• Exercise
Find "- Sellerie tissu" below and begin at its line; stop after the line with "귀에 걸치는 구조 덕분에". Output those lines exactly, without pictures.

(Given records)

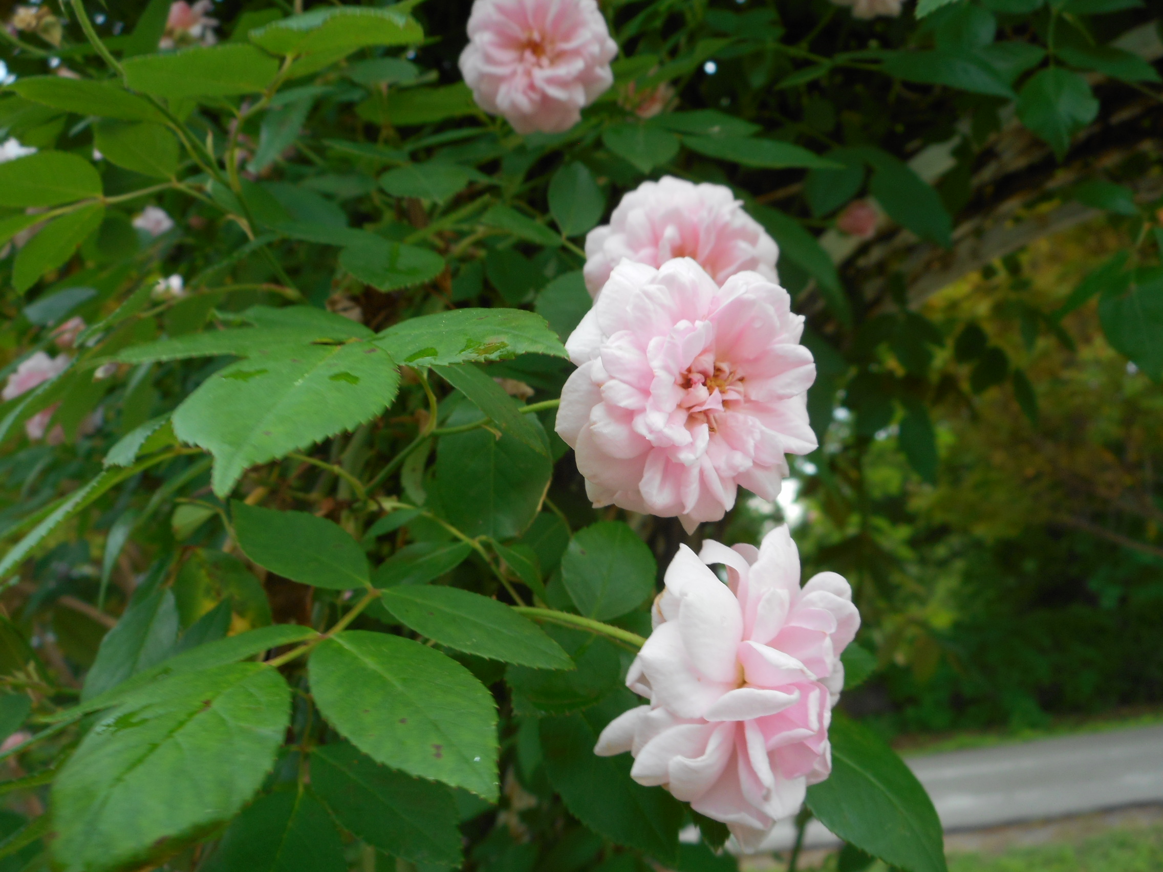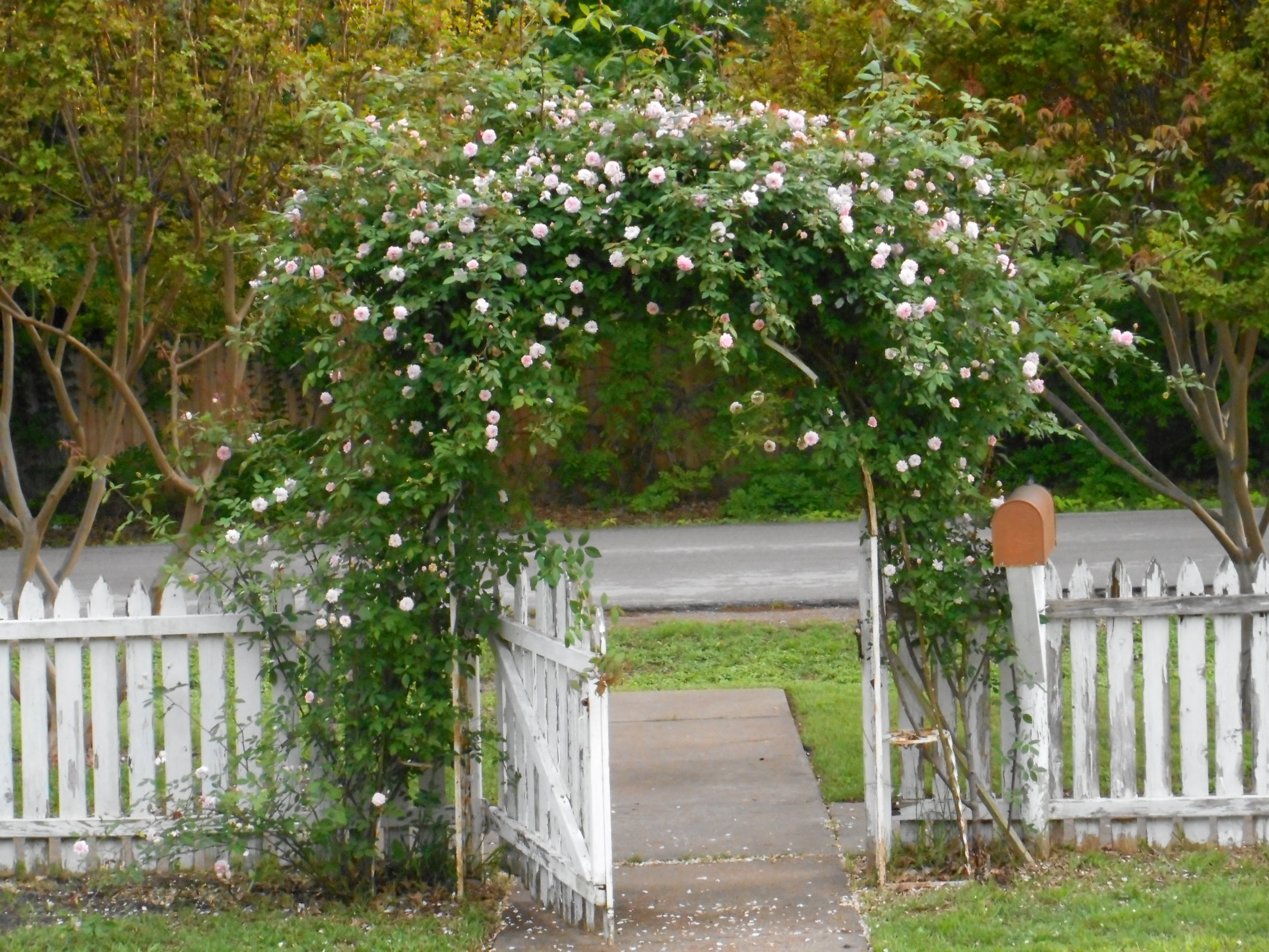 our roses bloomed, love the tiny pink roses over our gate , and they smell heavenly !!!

(End Given records)
(Given records)

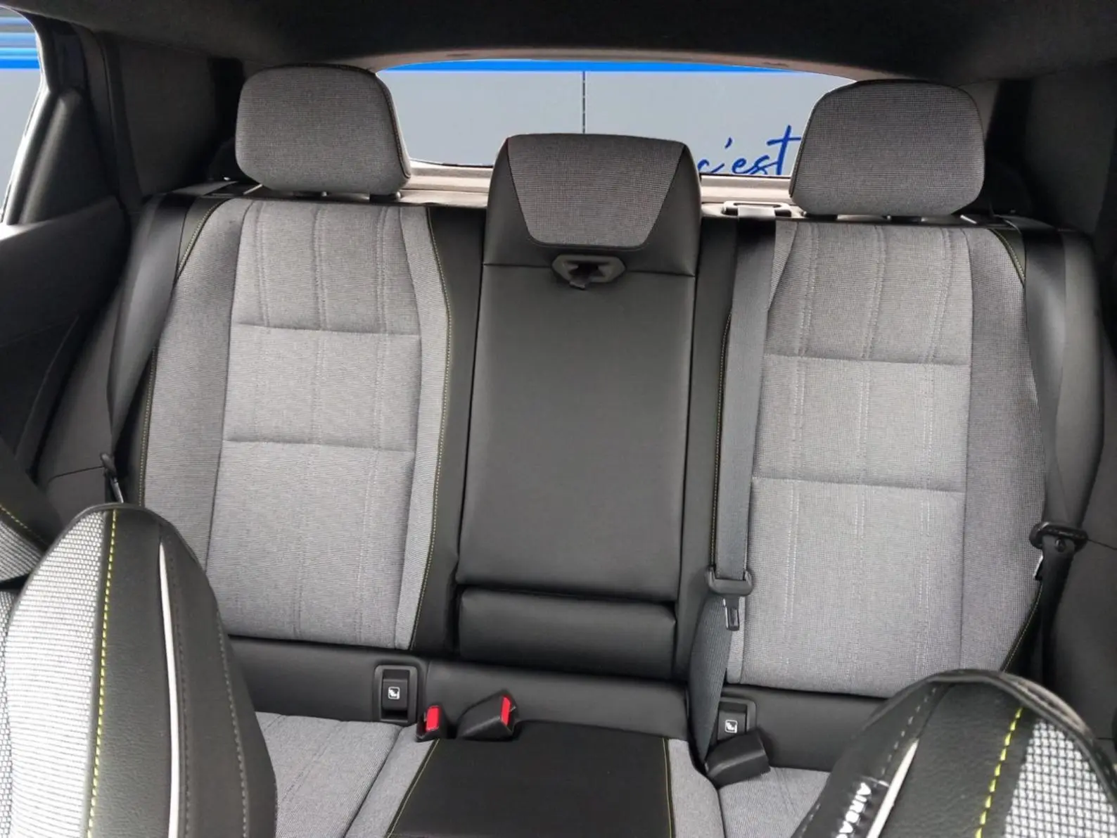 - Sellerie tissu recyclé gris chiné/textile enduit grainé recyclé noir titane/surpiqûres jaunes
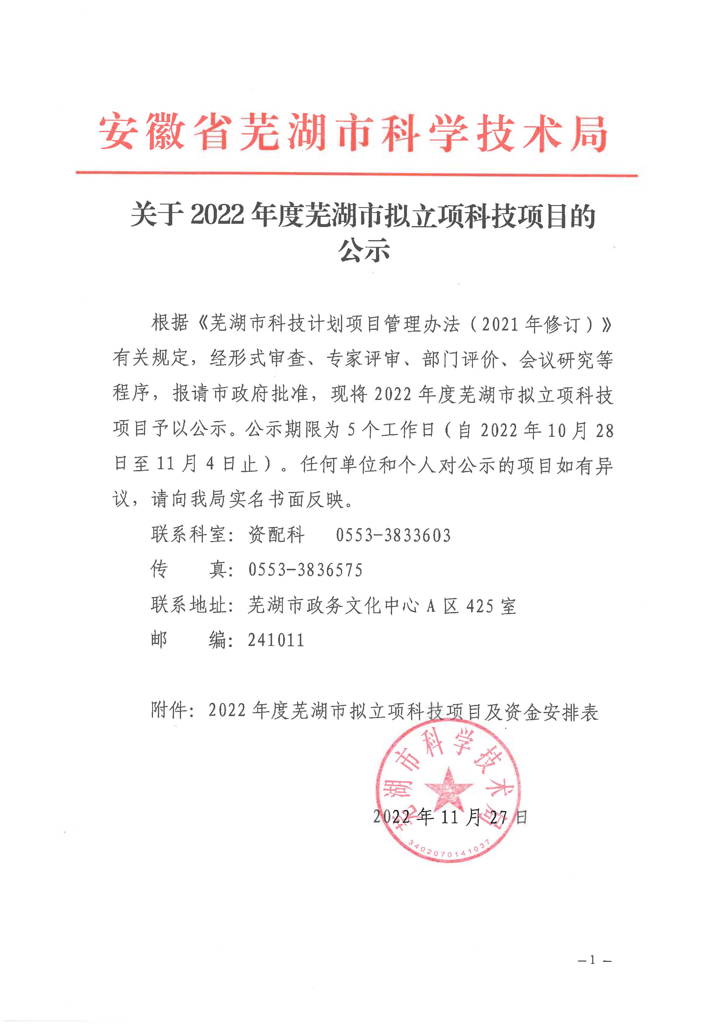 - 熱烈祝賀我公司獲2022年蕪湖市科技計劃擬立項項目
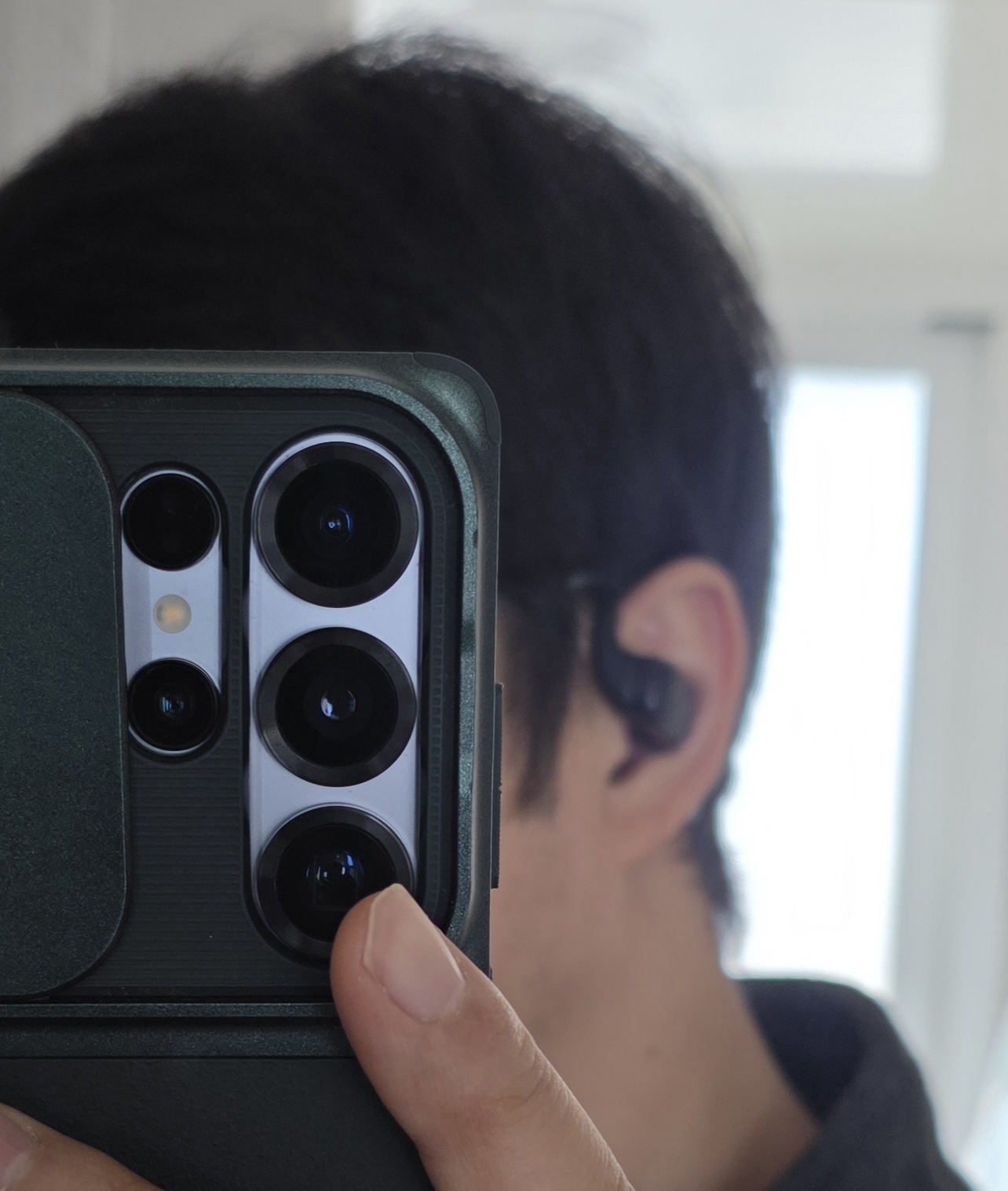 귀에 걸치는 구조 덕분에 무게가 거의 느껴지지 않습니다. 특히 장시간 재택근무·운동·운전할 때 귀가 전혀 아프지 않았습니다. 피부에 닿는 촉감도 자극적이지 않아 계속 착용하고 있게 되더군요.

(End Given records)

• Response to the task
 - Sellerie tissu recyclé gris chiné/textile enduit grainé recyclé noir titane/surpiqûres jaunes
 - 熱烈祝賀我公司獲2022年蕪湖市科技計劃擬立項項目
 귀에 걸치는 구조 덕분에 무게가 거의 느껴지지 않습니다. 특히 장시간 재택근무·운동·운전할 때 귀가 전혀 아프지 않았습니다. 피부에 닿는 촉감도 자극적이지 않아 계속 착용하고 있게 되더군요.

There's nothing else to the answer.